Bekannt war, dass Isabel Bongard im Jahr 1884 in Chile ankam. Mit ihr reisten 13 weitere Lehrerinnen und acht Lehrer. Die Beziehungen zwischen Chile und Preußen waren damals sehr gut. Preußen hatte den unabhängigen Andenstaat schon sehr früh anerkannt und auch Militärberater ins Land an der Pazifikküste geschickt. Als die chilenische Regierung nun das Schulsystem reformieren wollte, suchte sie Lehrer in Preußen, und Isabel war eine von denen, die diesem Aufruf folgten. Über Bordeaux verließ sie Europa, kam schließlich nach Santiago und arbeitete als Schuldirektorin in der Stadt La Serena. 1898 wurde sie nach Iquique versetzt, heute eine wichtige Handelsstadt mit 216 000 Einwohnern. 1908 kehrte sie nach La Serena zurück und arbeitete bis 1927, also bis zu ihrem 77. Lebensjahr weiter im Schuldienst.
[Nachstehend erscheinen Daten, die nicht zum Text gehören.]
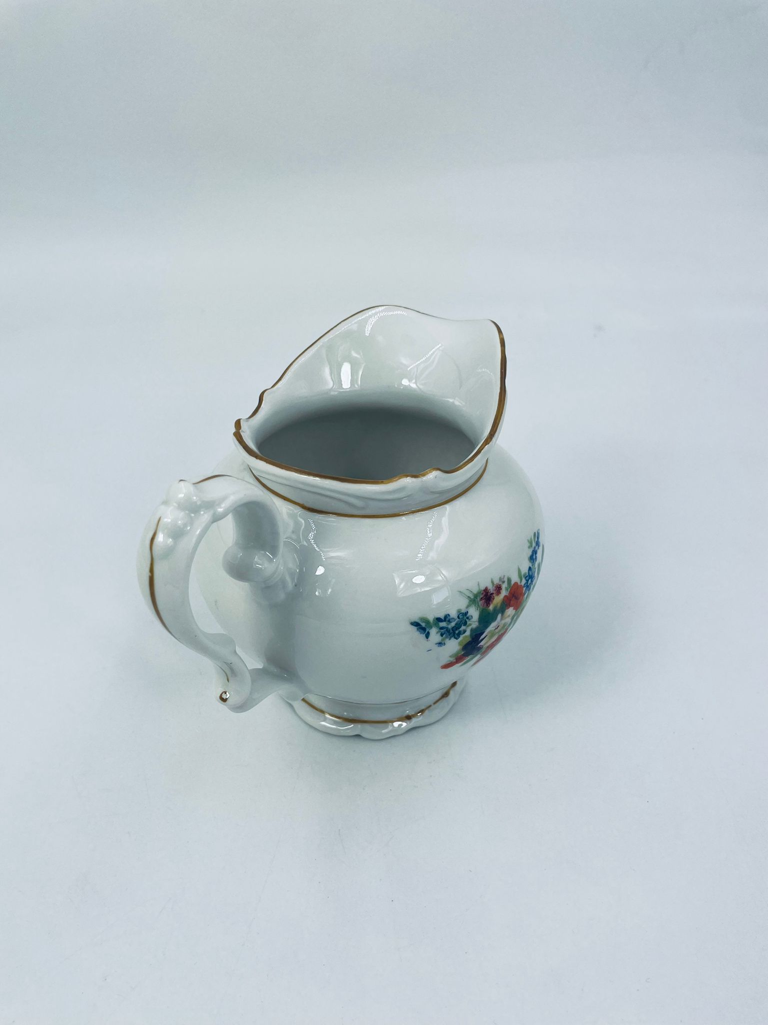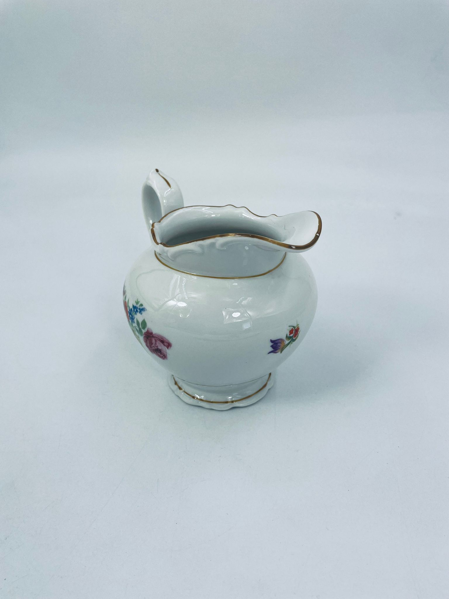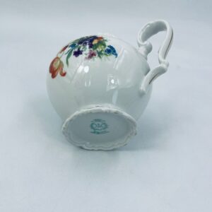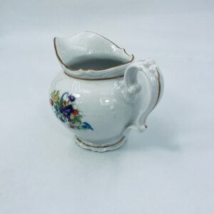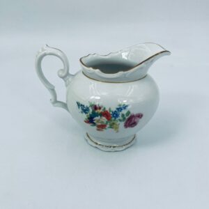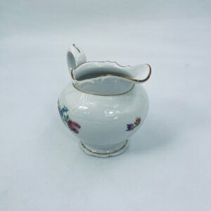 Dzbanek na mleko kolekcjonerski SR Echt Porzellan, porcelana w białym kolorze charakteryzuje sie delikatnymi zdobieniami kwiatowymi i złoconymi detalami, wykończona złoceniami na rantach.

Ein Jahr später verstarb sie. Den Kontakt in die alte Heimat ließ sie nie abreißen, war auch noch in Mellen zu Besuch.
Adriana Alfonso-Wuertele übernahm es mit ihrem Mann, die deutschen Wurzeln Isabel Bongards zu erforschen und stellte schnell fest, dass dies keine leichte Aufgabe war. Lange verliefen ihre Recherchen im Sande. Zwar gab es bis zum Jahr 1960 noch Kontakte zwischen den deutschen und den chilenischen Bongards, den Nachkommen Isabels, doch dann riss der Kontakt völlig ab. Adriana Alfonso suchte in den Archiven in Berlin, Münster und Arnsberg, konnte aber keine Erfolge erzielen. Zwar gab es Spuren in den Kreis Arnsberg, zu diesem Zeitpunkt wusste sie noch nicht, dass Isabel Bongard aus Mellen stammte. Dann kam der Zufall zu Hilfe: Eine Kollegin in Chile hatte bei ihren Recherchen den Totenschein von Isabel Bongard entdeckt, auf dem Mellen als Geburtsort vermerkt war. Zu dieser Zeit, vor gerade einmal drei Wochen, fand das Paar die Boutique von Gundi Bongard in Soest bei einem Besuch in dieser Stadt, und Gundi Bongard stellte den Kontakt nach Mellen her. Und auf dem Hof Bongard an der Balver Straße stellte Adriana Alfonso-Wuertele schnell fest, dass sie auf eine Goldader gestoßen war. „Endlich haben wir den richtigen erwischt!", war ihr erster Ausruf am Telefon, als sie mit Herbert Bongard sprach.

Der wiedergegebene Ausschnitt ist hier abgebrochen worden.